The transaction will be completed through a share swap for Al Qudra shares, with the company issuing 210.4 million new shares, expanding its existing share base from 600 million shares to 810.4 million. Following the acquisition, the combined entity will have total assets worth Dh4 billion.

A statement from Al Qudra said that its plan would increase the company’s revenue from “diversified and sustainable sources”.

It said that the deal would be led by the Department of Fin­ance and by First Abu Dhabi Bank, which is the official shareholders’ registrar for both businesses.

Al Qudra is also progressing with plans agreed last year to raise Dh250 million through a convertible bond issue, with the bonds offering a guaranteed annual coupon. The bonds will be listed on the Abu Dhabi Sec­urities Exchange, and the company’s shares will trade on the secondary market.

The decisions were taken at the firm’s annual general meeting, where board directors approved accounts which showed that it increased its net profit by 28 per cent to Dh264m on revenue of about Dh1bn.

Vice-chairman Khalifa Yousef Al Khouri said: “This growth is a testament to our commitment to remain a preferred investment partner as we continue to steadily work towards our objectives.”

The company launched several property projects last year, including the Traditional Souq, a 245,000 square metres development near Sheikh Zayed Grand Mosque containing commercial, cultural and entertainment space including a covered market, a theatre, an arts centre, a hotel and restaurants.

It also launched Al Sadu Towers – a five-tower luxury apartment project offering 1,300 apartments close to the Shams Abu Dhabi complex in Reem Island – and a project containing 2,550 villas known as Barari Al Ain Fayda close to the Jebel Hafeet mountain base.

Alongside its real estate projects, the company has investments in an array of other businesses, including a manpower firm, a sports management business and a public relations company, among others.

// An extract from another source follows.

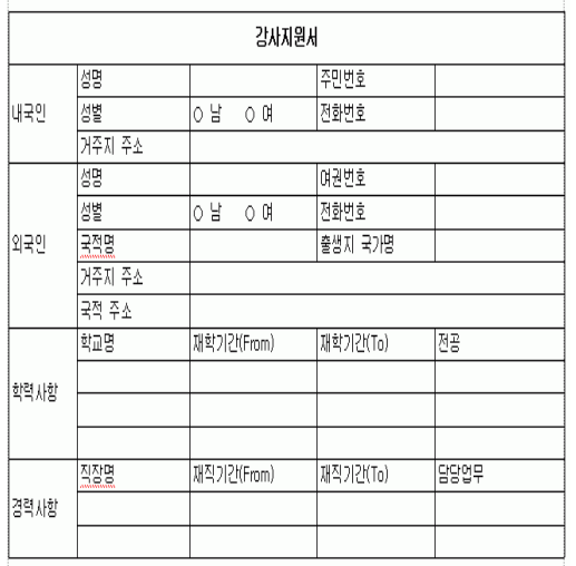 ▷ 강사정보는 아래의 강사지원서를 참고하여 등록한다. 강사지원서는 내국인용과 외국인용이 있으며, 각 강사 별로 강사번호가 부여된다.

A report on Abu Dhabi’s residential market published this month by JLL found that almost half of all of the residential units in the pipeline are in the “new island communities” of Reem Island, Saadiyat Island, Yas Island and Al Raha Beach.

It said that completion levels remain fairly low, however, with only 3,100 homes handed over in Abu Dhabi last year (bringing the total to 248,000), and although 5,000 are scheduled to complete this year, handover of much of this is expected to be delayed.

“Since 2015 annual supply completions have dropped to long-term lows as the market adjusted, liquidity tightened, developers became more cautious and due to the impact of tightened planning policy and the new real estate regulations,” explained David Dudley, the head of JLL’s Abu Dhabi office. “This reduction in annual supply completions is welcomed at a time of weaker demand.”